== SUPPLIED RECORDS ==
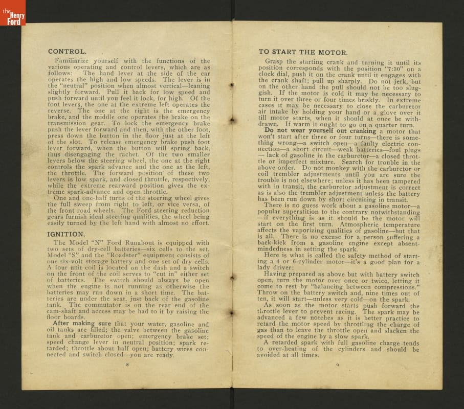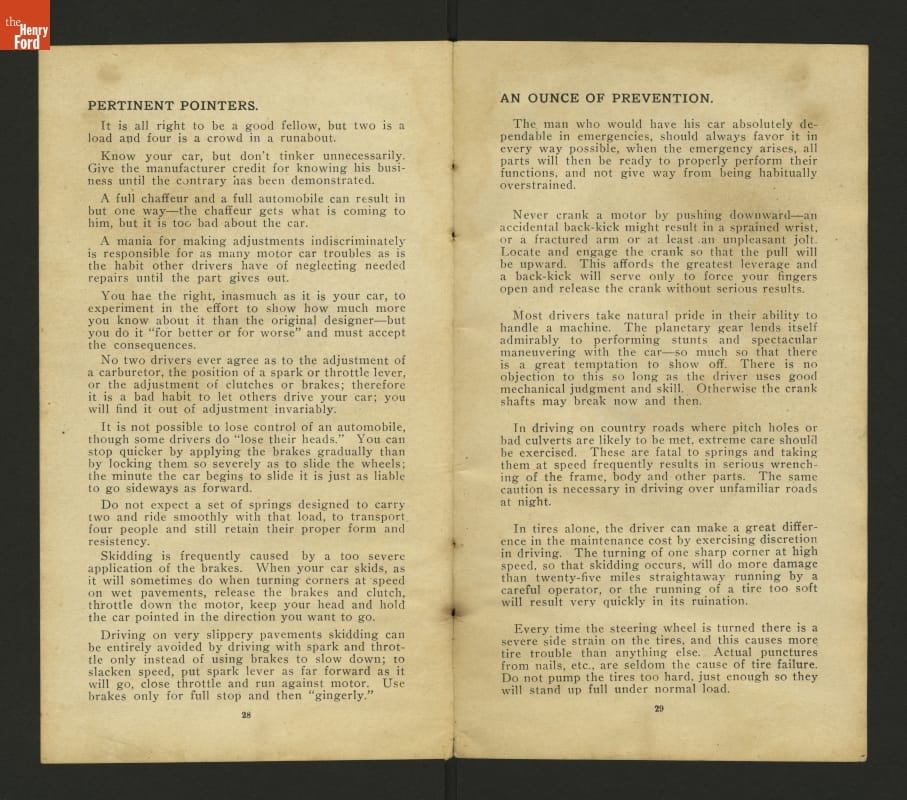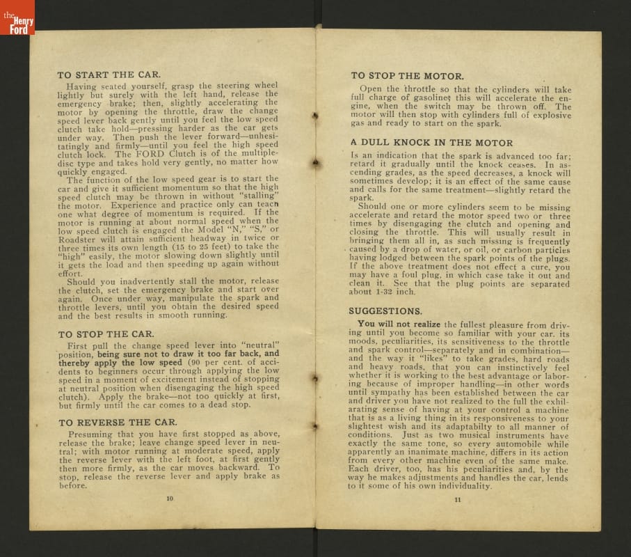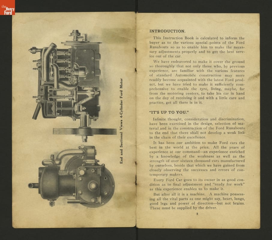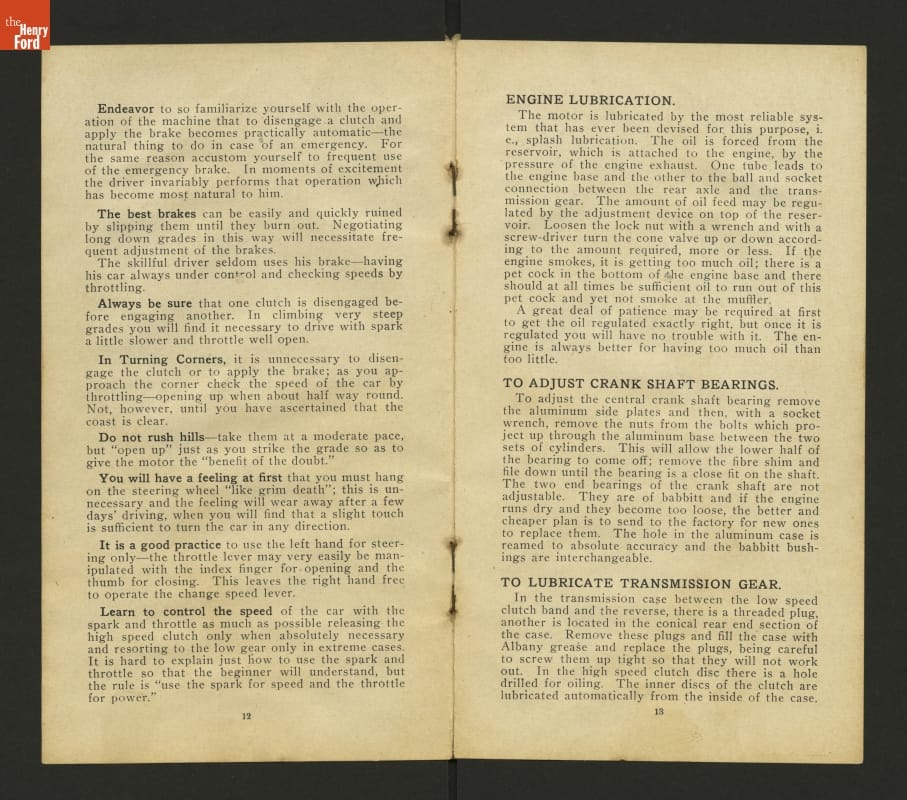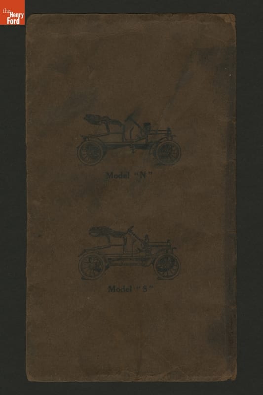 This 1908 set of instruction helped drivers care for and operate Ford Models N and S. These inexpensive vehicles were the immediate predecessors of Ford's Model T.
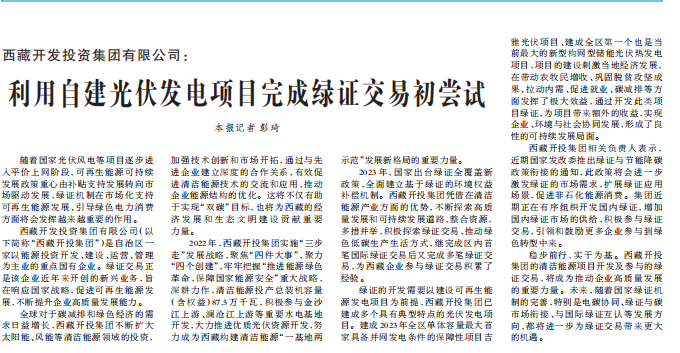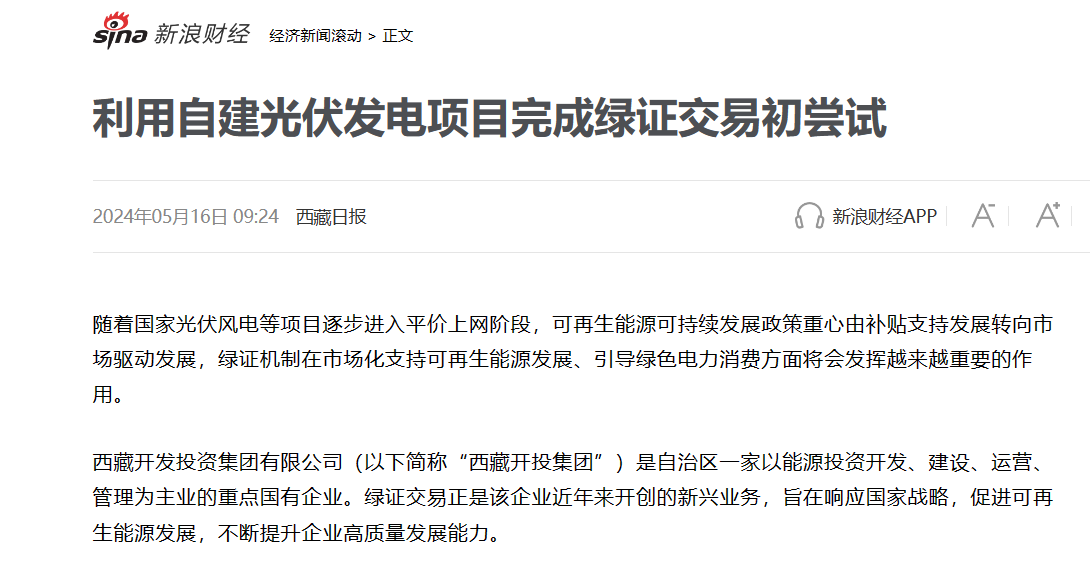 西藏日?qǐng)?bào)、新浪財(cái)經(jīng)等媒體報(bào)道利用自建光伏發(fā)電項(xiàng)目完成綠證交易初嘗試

...

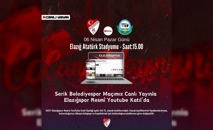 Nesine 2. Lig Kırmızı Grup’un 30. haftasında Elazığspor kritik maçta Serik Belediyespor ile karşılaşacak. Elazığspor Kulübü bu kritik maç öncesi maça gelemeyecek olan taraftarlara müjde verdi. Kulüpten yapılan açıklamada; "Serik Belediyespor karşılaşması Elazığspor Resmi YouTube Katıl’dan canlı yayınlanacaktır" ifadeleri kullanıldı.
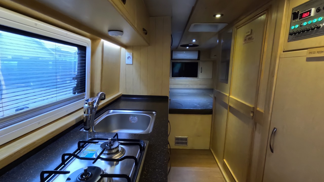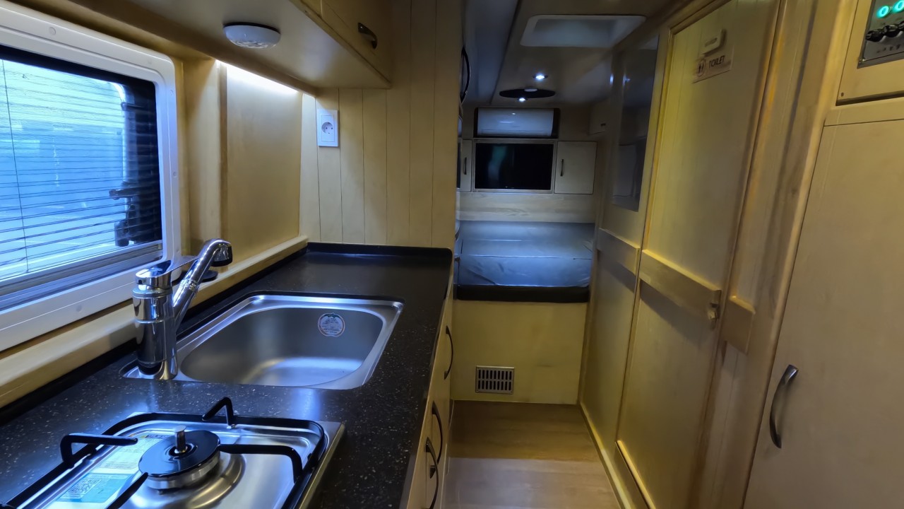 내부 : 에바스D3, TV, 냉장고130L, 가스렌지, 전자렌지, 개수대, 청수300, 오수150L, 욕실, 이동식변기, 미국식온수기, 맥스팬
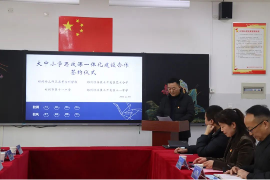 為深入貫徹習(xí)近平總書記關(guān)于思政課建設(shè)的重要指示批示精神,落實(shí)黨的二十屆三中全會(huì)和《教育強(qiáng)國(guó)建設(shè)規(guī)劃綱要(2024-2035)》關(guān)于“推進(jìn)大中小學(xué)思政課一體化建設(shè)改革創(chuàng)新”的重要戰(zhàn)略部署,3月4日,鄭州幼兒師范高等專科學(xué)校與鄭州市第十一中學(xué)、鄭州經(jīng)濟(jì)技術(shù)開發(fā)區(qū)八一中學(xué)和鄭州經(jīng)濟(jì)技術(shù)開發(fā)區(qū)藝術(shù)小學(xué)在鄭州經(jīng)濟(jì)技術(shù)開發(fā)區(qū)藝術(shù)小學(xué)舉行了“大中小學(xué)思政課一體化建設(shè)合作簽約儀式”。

---

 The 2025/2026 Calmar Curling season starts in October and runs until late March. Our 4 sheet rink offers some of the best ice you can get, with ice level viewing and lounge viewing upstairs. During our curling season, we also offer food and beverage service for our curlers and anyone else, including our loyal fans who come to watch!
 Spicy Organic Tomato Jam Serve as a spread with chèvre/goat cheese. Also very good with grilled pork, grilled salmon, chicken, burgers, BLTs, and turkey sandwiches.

== AIM OF THE TASK ==
Please copy all lines of the listing in which the string "with" occurs.

== EXPECTED ANSWER ==
 The 2025/2026 Calmar Curling season starts in October and runs until late March. Our 4 sheet rink offers some of the best ice you can get, with ice level viewing and lounge viewing upstairs. During our curling season, we also offer food and beverage service for our curlers and anyone else, including our loyal fans who come to watch!
 Spicy Organic Tomato Jam Serve as a spread with chèvre/goat cheese. Also very good with grilled pork, grilled salmon, chicken, burgers, BLTs, and turkey sandwiches.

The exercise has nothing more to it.